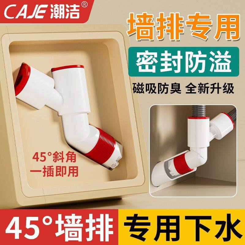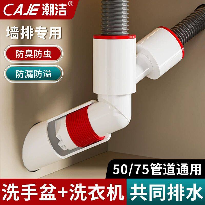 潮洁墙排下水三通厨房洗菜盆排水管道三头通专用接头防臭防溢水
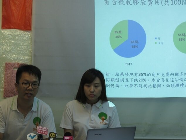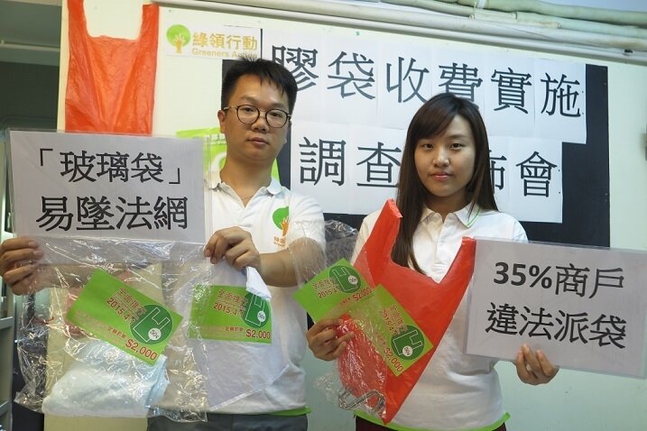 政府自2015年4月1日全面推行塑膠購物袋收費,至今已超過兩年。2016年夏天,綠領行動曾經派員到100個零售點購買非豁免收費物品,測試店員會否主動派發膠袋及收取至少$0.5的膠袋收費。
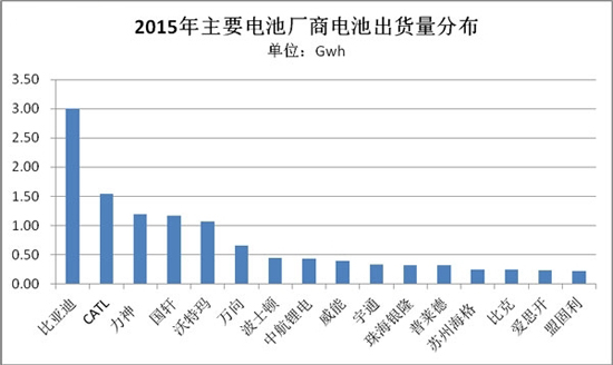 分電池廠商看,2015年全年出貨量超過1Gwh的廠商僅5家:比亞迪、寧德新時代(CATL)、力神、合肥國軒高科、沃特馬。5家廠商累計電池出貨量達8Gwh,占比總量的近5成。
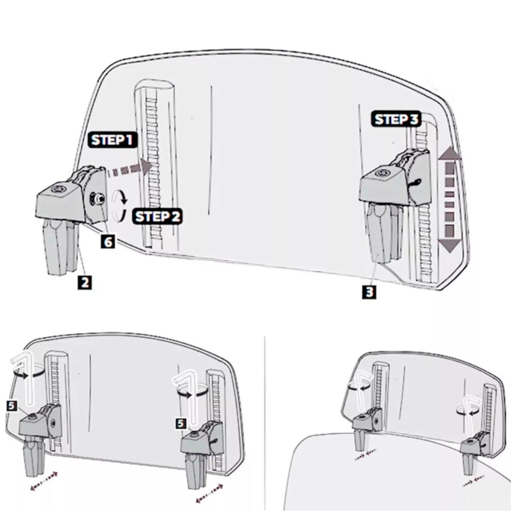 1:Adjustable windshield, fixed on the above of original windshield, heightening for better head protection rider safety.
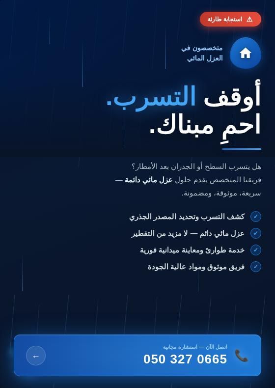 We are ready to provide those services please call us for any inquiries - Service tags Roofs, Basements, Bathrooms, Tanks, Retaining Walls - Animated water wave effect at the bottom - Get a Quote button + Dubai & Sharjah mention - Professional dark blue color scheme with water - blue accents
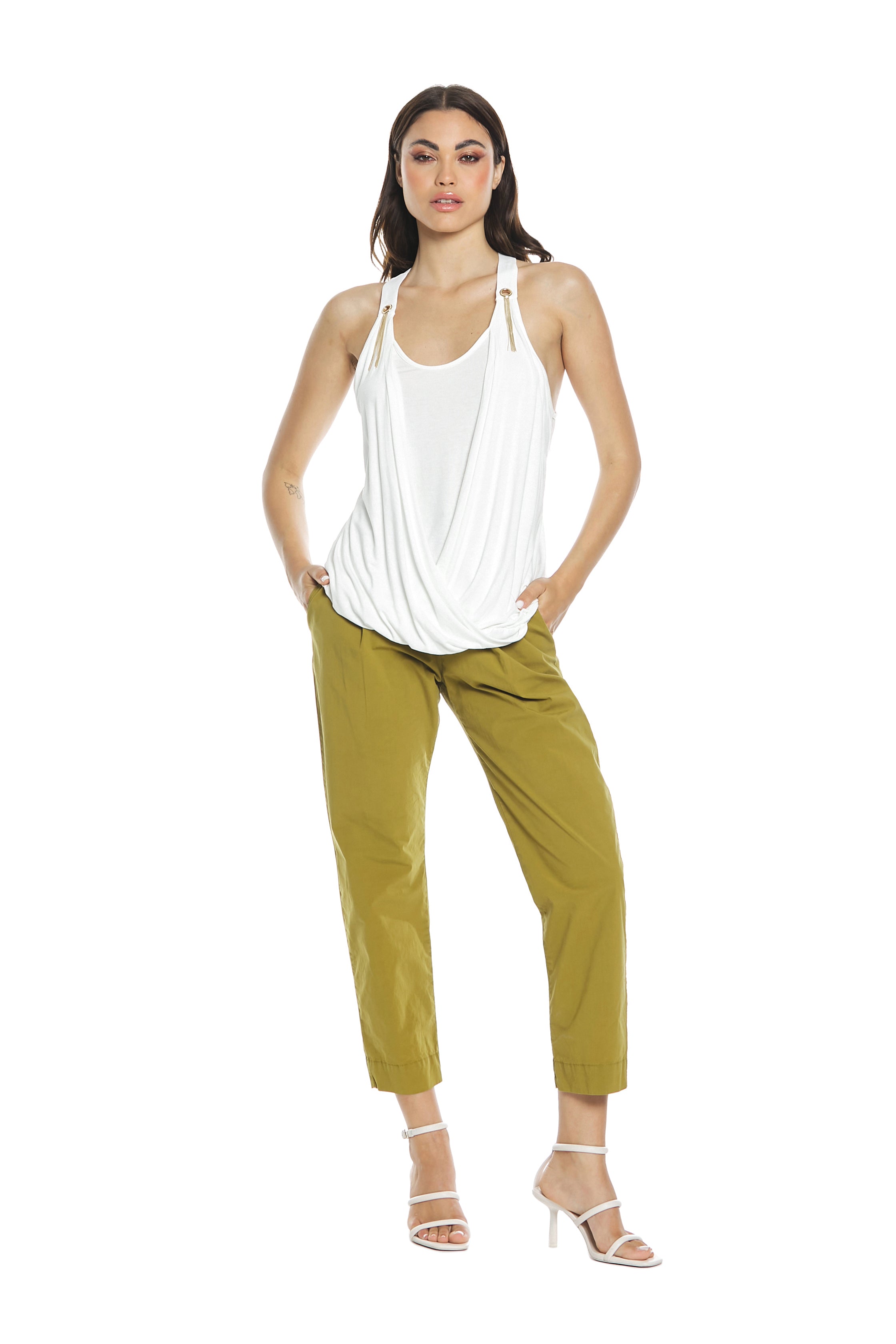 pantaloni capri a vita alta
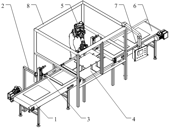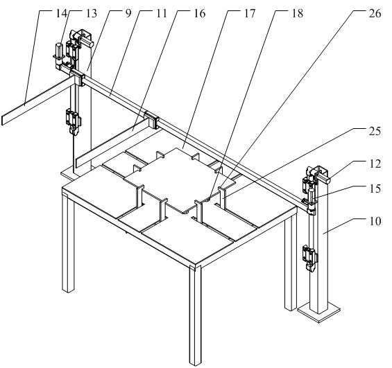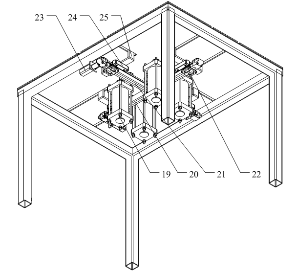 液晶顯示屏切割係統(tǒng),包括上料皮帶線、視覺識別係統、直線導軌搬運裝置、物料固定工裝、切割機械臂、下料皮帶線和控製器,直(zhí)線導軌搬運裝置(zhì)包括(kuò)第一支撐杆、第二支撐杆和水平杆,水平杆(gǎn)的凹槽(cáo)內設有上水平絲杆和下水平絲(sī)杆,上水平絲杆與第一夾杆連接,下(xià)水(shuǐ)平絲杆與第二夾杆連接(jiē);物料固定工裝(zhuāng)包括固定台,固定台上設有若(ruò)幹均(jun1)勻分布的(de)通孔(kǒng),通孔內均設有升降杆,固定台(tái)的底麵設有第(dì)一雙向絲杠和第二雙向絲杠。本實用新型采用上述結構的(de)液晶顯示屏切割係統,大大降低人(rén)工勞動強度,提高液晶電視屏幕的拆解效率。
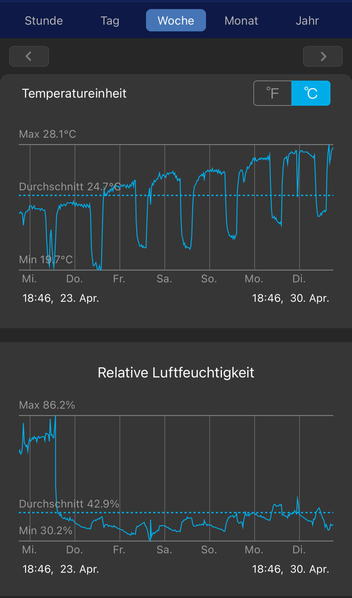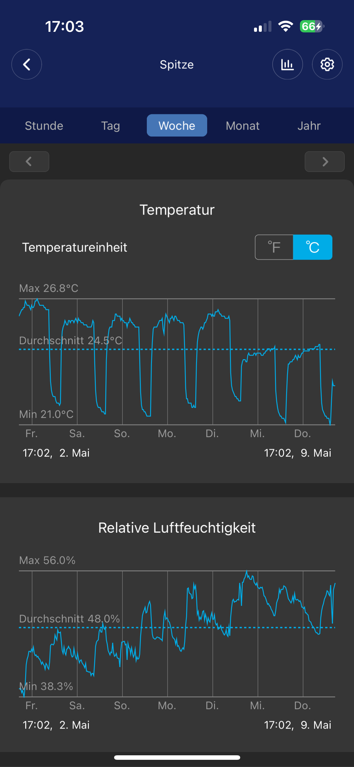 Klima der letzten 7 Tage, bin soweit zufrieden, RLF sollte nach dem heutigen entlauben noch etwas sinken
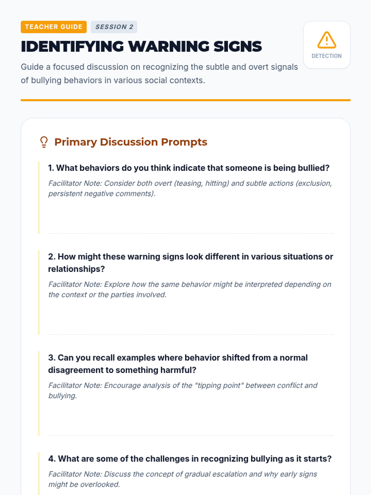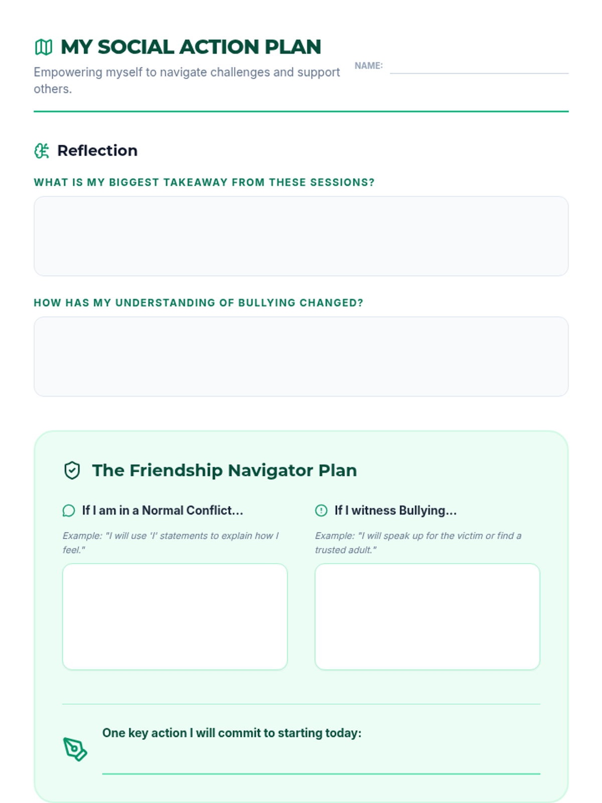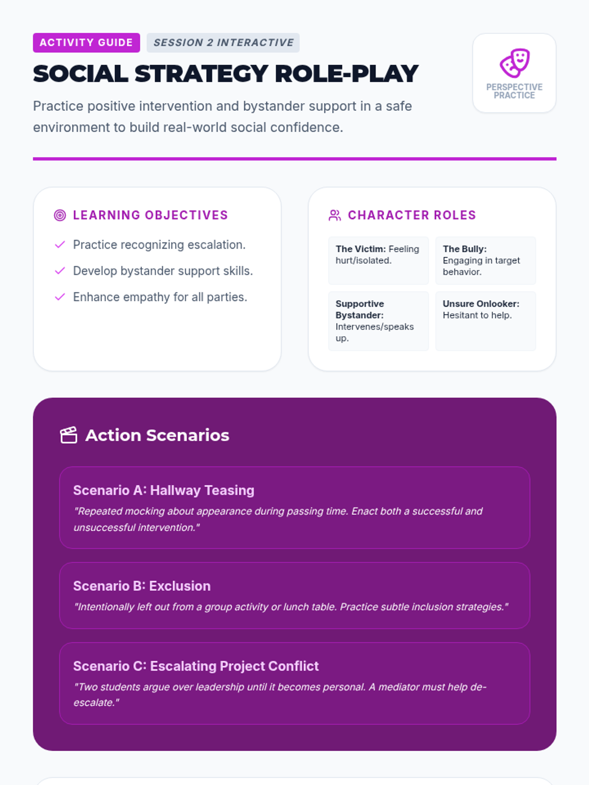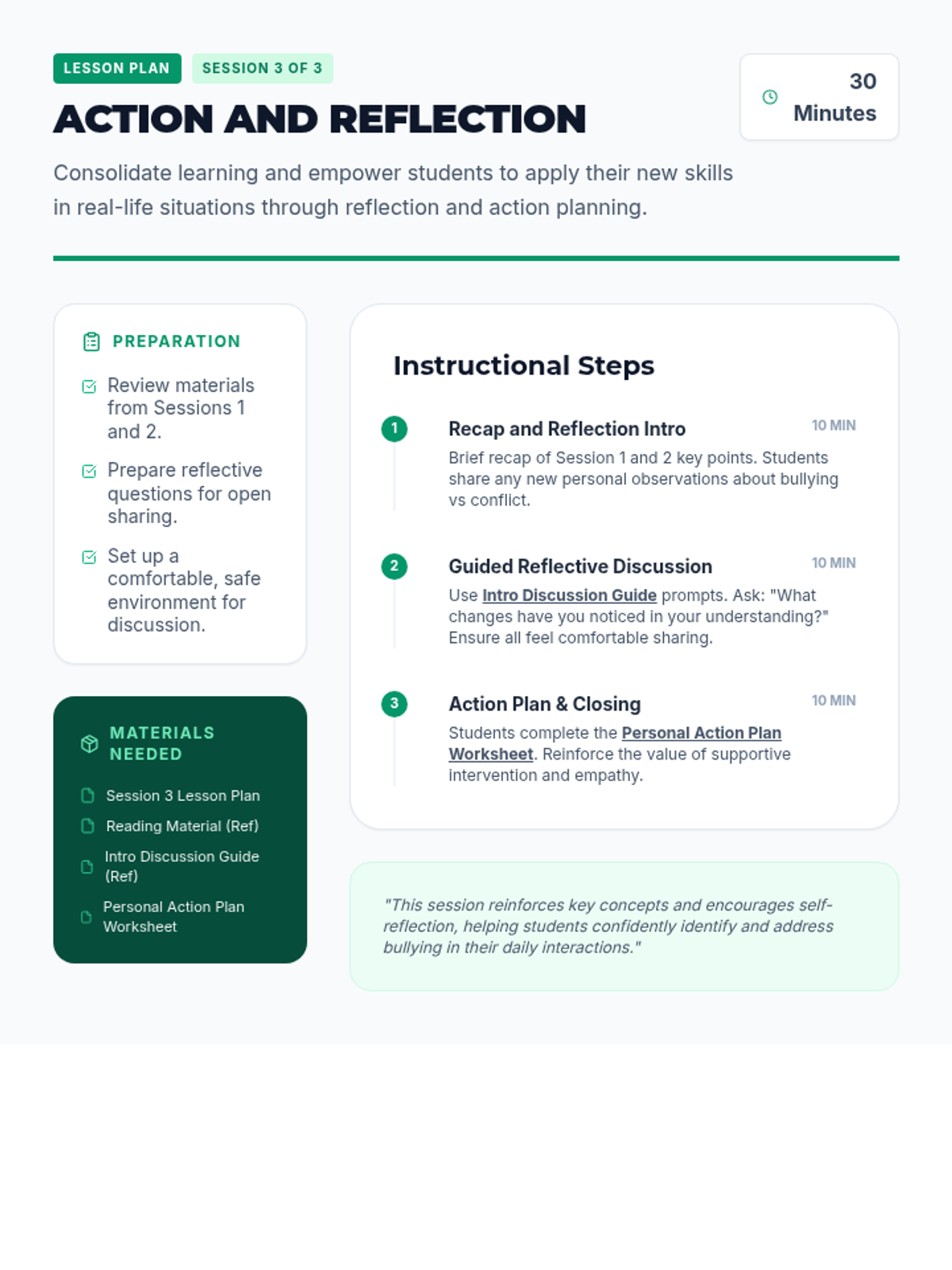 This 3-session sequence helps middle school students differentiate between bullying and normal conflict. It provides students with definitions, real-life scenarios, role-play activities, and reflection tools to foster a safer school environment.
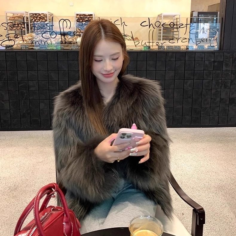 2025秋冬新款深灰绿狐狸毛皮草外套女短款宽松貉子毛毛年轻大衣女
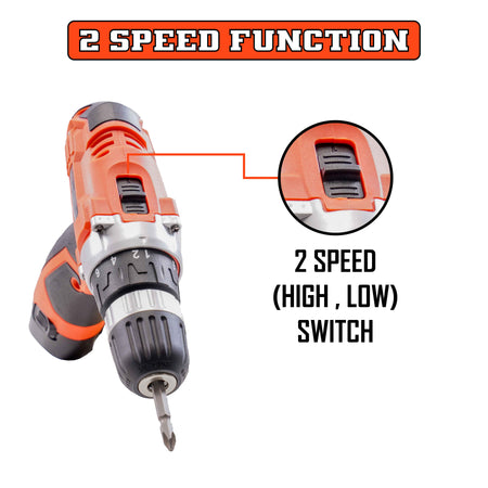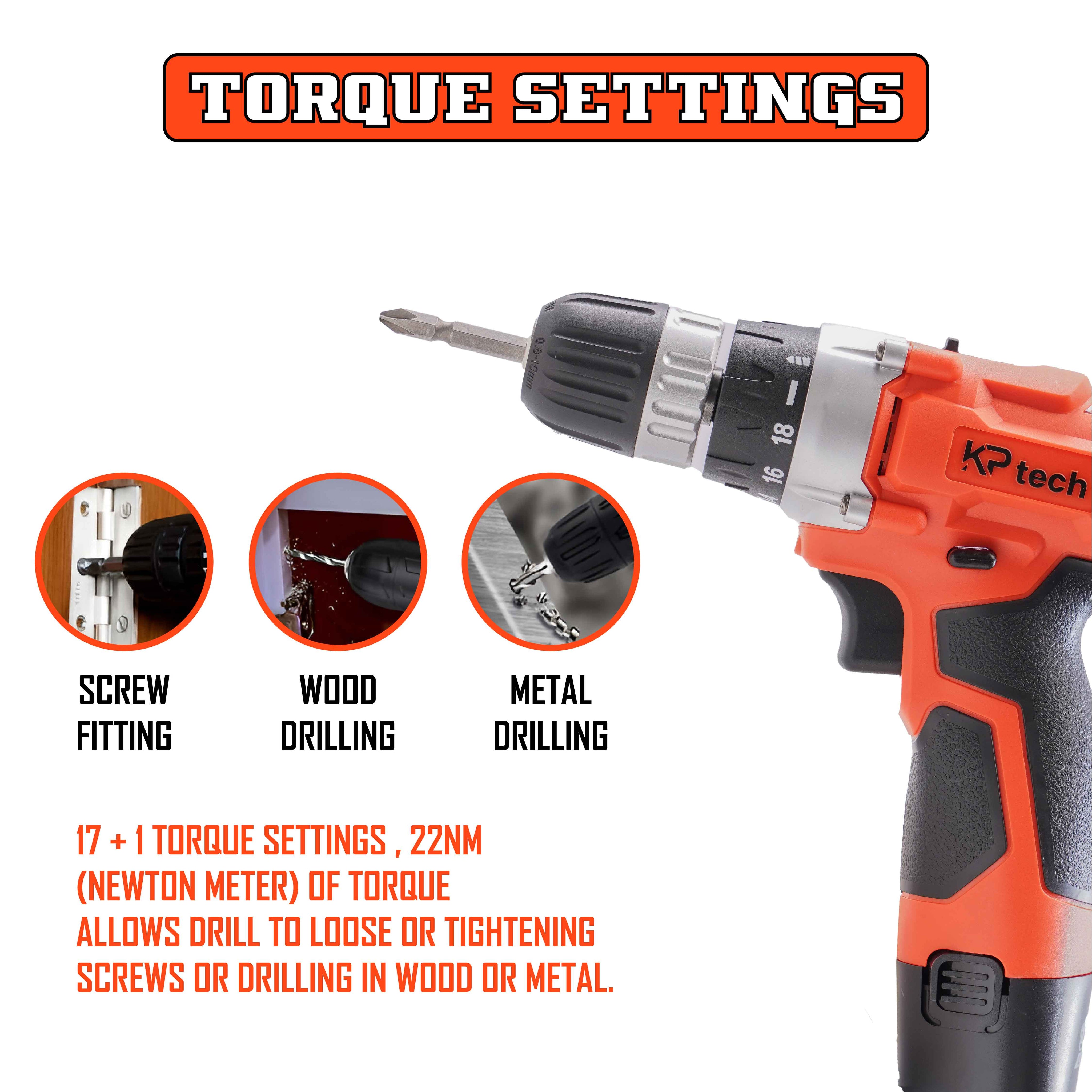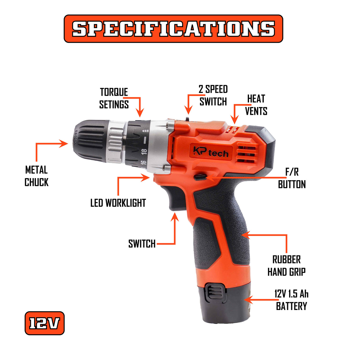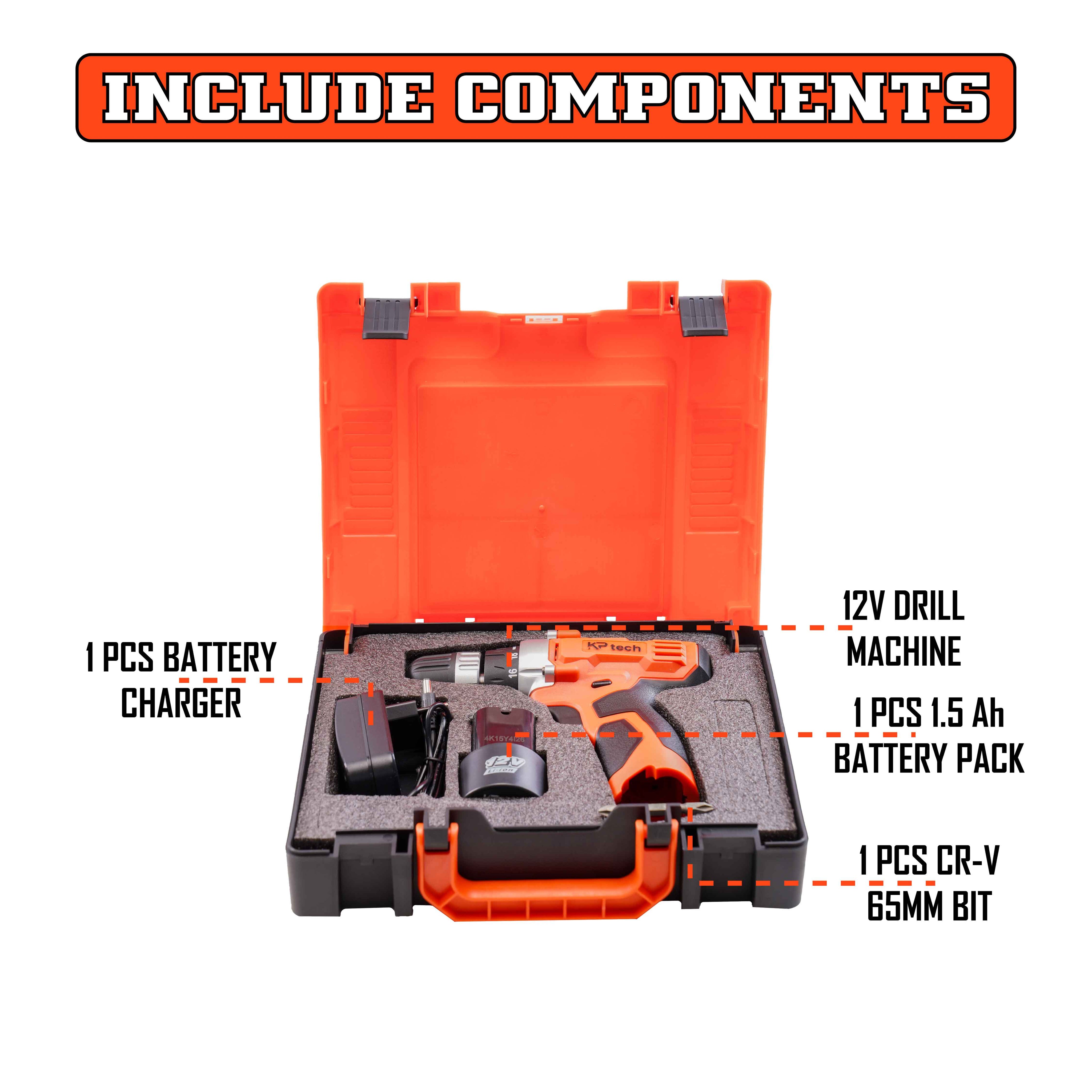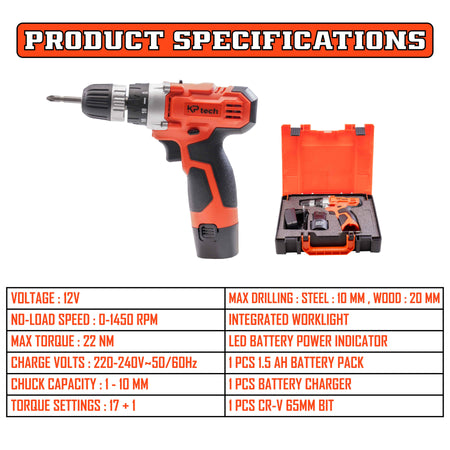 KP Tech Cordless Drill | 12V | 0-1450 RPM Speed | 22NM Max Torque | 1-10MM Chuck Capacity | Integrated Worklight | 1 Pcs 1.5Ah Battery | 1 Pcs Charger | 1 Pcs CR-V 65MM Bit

What to work on -> A word-for-word copy is needed, starting at the first line of the listing and ending with the line bearing "分電池廠商看,2015年全年". No pictures.

Answer space ->
 潮洁墙排下水三通厨房洗菜盆排水管道三头通专用接头防臭防溢水
 政府自2015年4月1日全面推行塑膠購物袋收費,至今已超過兩年。2016年夏天,綠領行動曾經派員到100個零售點購買非豁免收費物品,測試店員會否主動派發膠袋及收取至少$0.5的膠袋收費。
 分電池廠商看,2015年全年出貨量超過1Gwh的廠商僅5家:比亞迪、寧德新時代(CATL)、力神、合肥國軒高科、沃特馬。5家廠商累計電池出貨量達8Gwh,占比總量的近5成。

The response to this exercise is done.